In cases where an endpoint stops returning JSON responses altogether, raw will not help. In such cases, you will have to use a different tool to interact with the API.

from harborapi import HarborAsyncClient

client = HarborAsyncClient(..., raw=True)
# or
client = HarborAsyncClient(...)
client.raw = True

raw_mode() context manager

We can also use the raw_mode() context manager to temporarily enable raw mode for a single request:

from harborapi import HarborAsyncClient

client = HarborAsyncClient(...)

with client.raw_mode():
    projects = await client.get_projects()
    # projects is a list of dicts

Example

With raw mode enabled, the client returns the parsed JSON data as a dict:

import asyncio
from harborapi import HarborAsyncClient

client = HarborAsyncClient(...)

async def main():
    # temporarily enable raw mode
    with client.raw_mode():
        info = await client.get_system_info()
        assert isinstance(info, dict)

    print(info)

asyncio.run(main())
{
  "current_time": "2023-02-06T14:34:42.449000+00:00",
  "with_chartmuseum": True,
  "registry_url": "demo.goharbor.io",
  "external_url": "https://demo.goharbor.io",
  "auth_mode": "db_auth",
  "project_creation_restriction": "everyone",
  "self_registration": True,
  "has_ca_root": False,
  "harbor_version": "v2.7.0-864aca34",
  "registry_storage_provider_name": "filesystem",
  "read_only": False,
  "notification_enable": 2,
  "authproxy_settings": None
}

The difference between raw and validate

Raw mode will cause the client to return the raw JSON data from the API, while no validation will cause the client to skip validation of the data from the API, but still return the expected Pydantic model.

Info

validate=False is equivalent to constructing Pydantic models with BaseModel.model_construct() instead of the usual BaseModel.model_validate(). The latter method will validate the data and construct submodels, while the former will not.

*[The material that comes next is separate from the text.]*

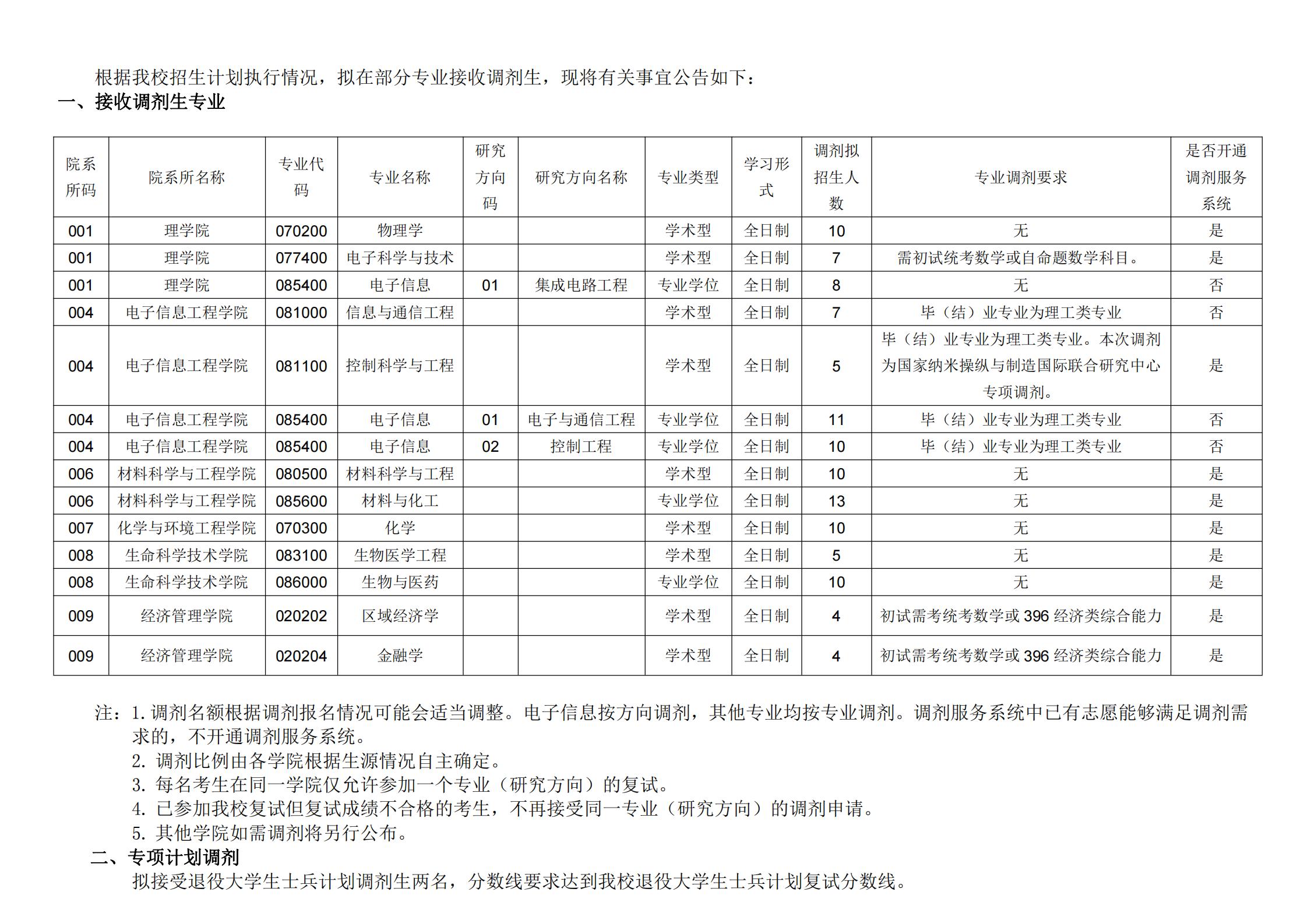 1. 拟调剂学科、调剂人数将根据第一志愿复试情况随时调整,最终调剂相关信息4月1日正式发布。

raw always takes precedence over validate if it is set. By default, raw is set to False and validate is set to True. I.e.:

client = HarborAsyncClient(
    ...,
    raw=False,
    validate=True
)

Skipping validation for request models

An undocumented feature of the various endpoint methods that take Pydantic models as one of their arguments, is that they also accept dict representations of that model. Even though the type hints specify that a method expects a model of a specific type, any dict can technically be passed in.

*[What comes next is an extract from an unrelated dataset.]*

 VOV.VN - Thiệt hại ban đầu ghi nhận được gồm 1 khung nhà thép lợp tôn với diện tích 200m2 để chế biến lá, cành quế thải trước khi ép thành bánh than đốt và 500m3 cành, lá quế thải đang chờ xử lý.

This functionality is useful if an endpoint changes in a backwards-incompatible way that harborapi hasn't been updated to reflect yet, or harborapi has an error in a model that causes it to fail to validate against the API.

import asyncio
from harborapi import HarborAsyncClient

client = HarborAsyncClient(...)


async def main() -> None:
    project_path = await client.create_project(
        {
            "project_name": "test-project",
            "metadata": {
                "public": "false",
                "enable_content_trust": "false",
                "prevent_vul": "false",
                "auto_scan": "false",
                "severity": "low",
            },
        }
    )
    print(f"Project created: {project_path}")

asyncio.run(main())

In the future, the type hints will be updated to reflect this behavior, but for now it remains undocumented in the code itself.

Note

If you are using a static type checker in your CI or pre-commit config, you will need to add a # type: ignore comment to the line where you pass in the dict to prevent the type checker from complaining about the type mismatch.